Sermon FRS 26 July 2025 – Sedrah Mattot-Masei

A Place In The Sun

The Book of Numbers comes to an end with a chapter listing the stopping-off places of the Children of Israel on their legendary 40-year journey through the wilderness. More than forty places are mentioned – we read the first ten today (Numbers 33:1-10), ending with the Sea of Reeds, south of where they began. That first year, they hadn’t travelled in a circle exactly – but they were still hugging the shore of the Sea, a constant reminder of that miraculous escape from their Egyptian pursuers. 

As the people come to the end of their wilderness wanderings, the text portrays Moses writing down these names, with a historian’s meticulous attention to detail: each place they set up camp is to be remembered, stages of what must have felt like an interminable journey (33:2). Writing down the names, and the chronology of the journey, points to the importance of having a record for the future. As if guarding against any complacency, the Biblical storytellers seem to be saying:  you will need to remember this when – if - you find a homeland: homes can be temporary, and no home lasts forever.  Be prepared to be “a pilgrim tribe housed not in place but in time, not rooted but millennially equipped with legs” (George Steiner).

In tension with this, part of Moses’ role during those desert wanderings was to keep alive for the people that ancestral hope for an end to unrootedness.  He carried the wish, generations-old, that the  people of Israel might feel a sense of belonging, belonging somewhere.
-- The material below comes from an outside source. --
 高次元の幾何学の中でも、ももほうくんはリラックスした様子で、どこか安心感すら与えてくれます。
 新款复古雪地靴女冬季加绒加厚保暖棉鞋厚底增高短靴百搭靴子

Those ancient storytellers crafted their narratives around this hope – they wove into their texts the poetic vision of a chosen land for a chosen people. God’s people, God’s chosen land. What we don’t often appreciate is that those who composed the Torah created these powerful mythic national themes while in exile from the land of Judea:  the stories were written in Babylon in the 7th and 6th centuries BCE after the people had been displaced from what they had come to feel was their land, although it was a land that had always been shared with others who had lived there before them, the various tribal groups we know collectively as the ‘Canaanites’.
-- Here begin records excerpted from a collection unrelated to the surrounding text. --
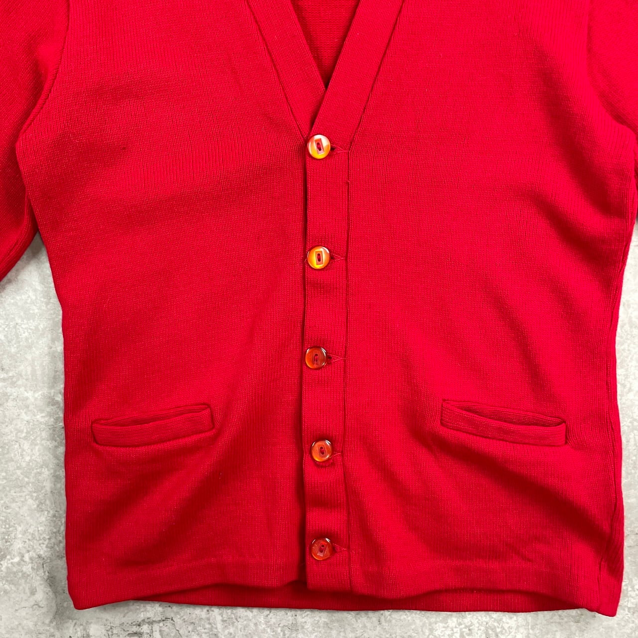 70年代 USA製 SCHOOL APPAREL レタードカーディガン メンズS相当 レディースM相当 古着 70s VINTAGE ヴィンテージ アクリルニットカーディガン 赤【ニットセーター】/レッド
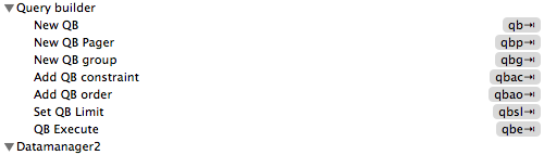 Here's a screenshot of shortcuts for the Query Builder.
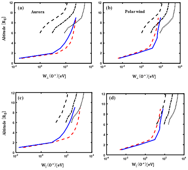 Comparing Monte Carlo simulations, mean particle theory estimates, and observations of H+ and O+ outflows at high altitudes and latitudes
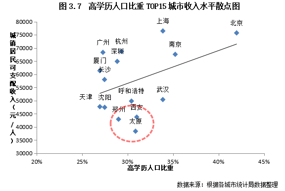 3.2西安、太原高學歷人才比例遠超廣州,但經(jīng)濟發(fā)展?jié)摿τ写M一步發(fā)掘
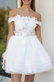 A-Line White Lace Organza With Applique Beaded Off the Shoulder Tiered Short Prom Dress Wedding Dresses
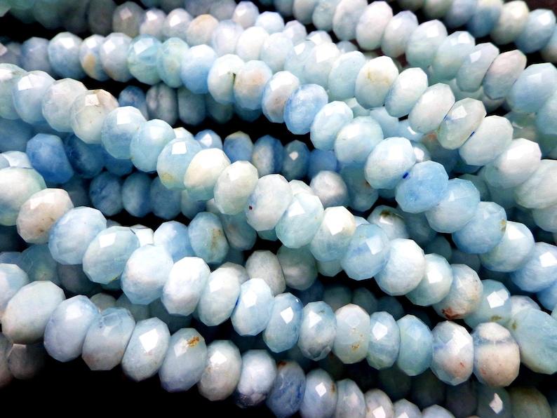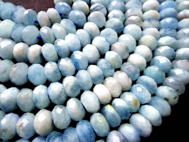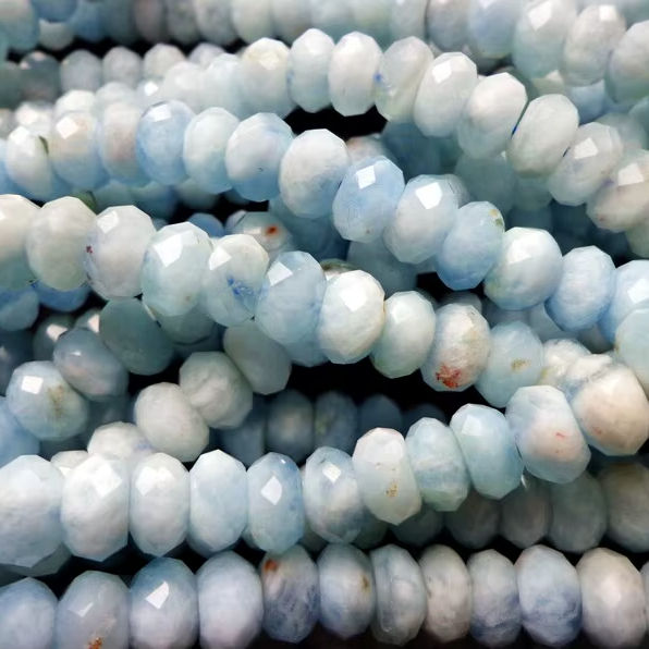 ลูกปัดพลอยอะความารีนธรรมชาติทรงรอนเดลเหลี่ยมเพชรพลอย สีฟ้าสวยงาม คุณภาพสูง ร้อยเป็นเส้นเต็ม

So these narratives that make up the Torah are a literature of exile. Something has already been lost, any settled feeling of belonging somewhere that belongs to ‘us’. 

Those writers of the Torah were living settled lives in Babylon, in what we now think of as the diaspora, but the question about where Jews really belong is threaded through their texts as an unsettled – and unsettling - question.

As they wove together the story of the Israelite people - its origins, its place in the world, its development -  the themes of exile and wandering became central: the Garden of Eden, Abraham, Joseph - Genesis is filled with characters that had to leave behind security or settledness to fulfil their destinies; and then the 40 years of desert wanderings after the long hardship-filled settledness of Egypt dominates the rest of the structure of the Torah, with the idea of settledness still unresolved. At the end of the Torah it hangs in the air – the fantasy, the wish, for an end to wandering. A place in the sun of our own.

So: how well has this turned out for us? For the Jewish people? The hope, the fantasy, of an end to dislocation, an end to exile and unsettledness?  We have been told that the State of Israel was supposed to have solved this problem for us. When it was founded it was felt to be a moral and a historical necessity – a homeland would give security and a sense of belonging and would finally see the end to Jewish dislocation and wandering and persecution. It would be the end of so-called exile, after 2000 years. And this has worked, up to a point. With many practical complications and moral dilemmas, we have a homeland for the Jewish people. 

So why does it feel, when we read the Torah, our foundational Jewish story, that we the children of Israel are still in the wilderness? That the promised land is still before us, still to be achieved? Still a hope for the future?

Nearly two years into our latest turn of the wheel of Jewish history it can feel as if we are going round in circles, there’s a disorientation akin to that of those Israelite slaves newly freed, uncertain, increasingly rebelliousness, the destination obscure, the leadership - the ones who say they know - increasingly doubted. The journey of this last couple of years has felt endless at times, dementing, frightening, repetitious:  trauma, hostages, deaths, rumours of ceasefire, no ceasefire, deaths, siege, hostages, trauma, threat, grief, rage, fear, shame, rage, grief, deaths, trauma, and on and on in this endless war in the service of a prime minister’s  own clinging on to power and out of prison. 

75% of Israelis want this war to end now, the military see no point in it, no strategic aims are being achieved, the IDF think there’s no need for more to be sacrificed, on either side. Increasingly, young Israeli reservists are refusing to serve in Gaza. Some are petitioning the High Court to rule on whether Israel’s actions there have become a violation of international law.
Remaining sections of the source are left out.